Karl-Friedrich "Khalef" Motzke: Aus meinem Campingtagebuch - 10/ Gäste

Camping ist wie Kino. Der Ton ist manchmal zu leisen. Manchmal Stummfilm in Farbe, auch ein Ding. Benno, nenne ich ihn mal, bekommt Besuch. Ein älterer Mann mit Kappe und Bart, eine jüngere Dame, an manchen Stellen zu gut gepolstert.
Benno kocht. Die jüngere Dame lacht. Vielleicht ist sie die Tochter des Alten mit der Kappe, oder die blinde Freundin. Wohl eher die Tochter. Benno lacht jetzt auch. Er hat vornehm gedeckt. Nicht nur Campinggeschirr, auch richtige Weingläser aus echten Glas.
Es gibt Gegrilltes, was sonst? Benno am Grill: Er tänzelt, mimt den Fünf-Sterne-Koch, dann den Oberkellner im Feinschmeckerlokal. Serviert auf Tablett. Die Dame lacht. Das freut Benno und er macht weitere Scherze. Der Mann mit Kappe lacht leise mit, hustet, kommt kaum zu Wort. Also doch der Vater, oder der Onkel, oder der ältere Freund, den sie bald ablegen wird. Benno tänzelt, bemüht sich um die Gunst der Dame, gießt Wein aus, gießt Wein in sich, schenkt nach und lacht ohne Grund oder über einen Witz, der er macht und für einen solchen hält. Die Gesellschaft entspannt sich. Der Abend senkt sich. Es ist halb elf, der Abend kühl und Camper gehen früh ins Bett.
Der Alte mit der Kappe fährt mit der Dame in einem alten Benz weg; beide wohl nicht mehr ganz nüchtern. Benno bleibt zurück. Er lässt das Geschirr und die Gläser und die Grillreste auf dem Tisch und starrt an die Kunststoffdecke seines Wohnwagens, als er versucht, einzuschlafen.

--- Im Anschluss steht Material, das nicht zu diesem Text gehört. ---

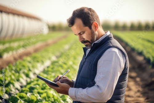 A man standing in a field with a tablet. This image can be used to represent technology in nature or for concepts related to outdoor work or leisure activities.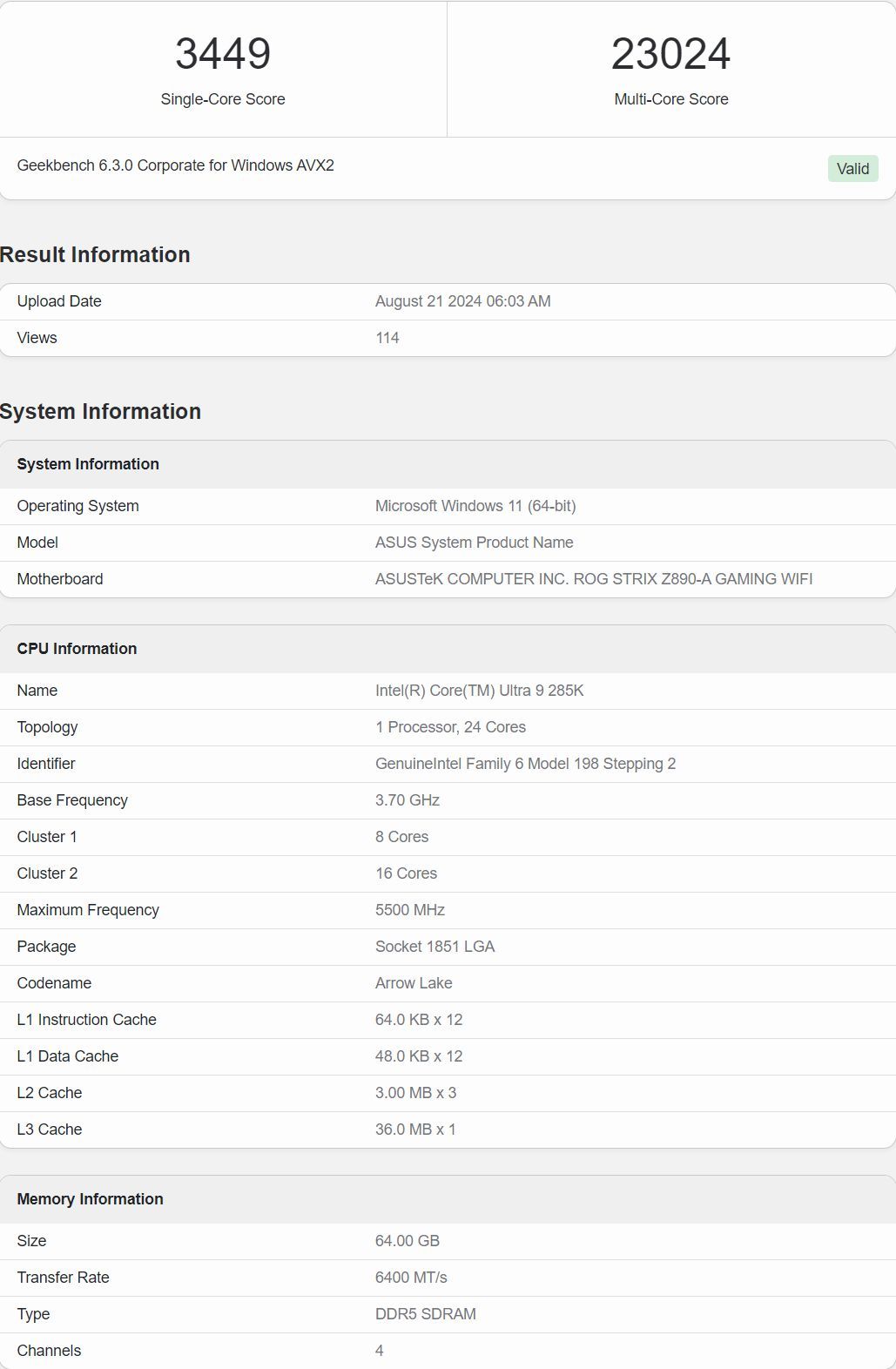 英特尔酷睿 Ultra 9 285K 处理器在 GeekBench 6 跑分中,单核成绩为 3450 分,多核成绩为 23024 分。

Was war das jetzt?, fragt er sich und denkt daran, dass er vor einer Stunde noch auf lustig gemacht hat und jetzt nicht einschlafen kann, weil alles so traurig ist. Er dreht sich auf die Seite und der gute alte Wohnwagen wackelt ein wenig, als habe auch er ein Gläschen Rotwein zu viel genommen.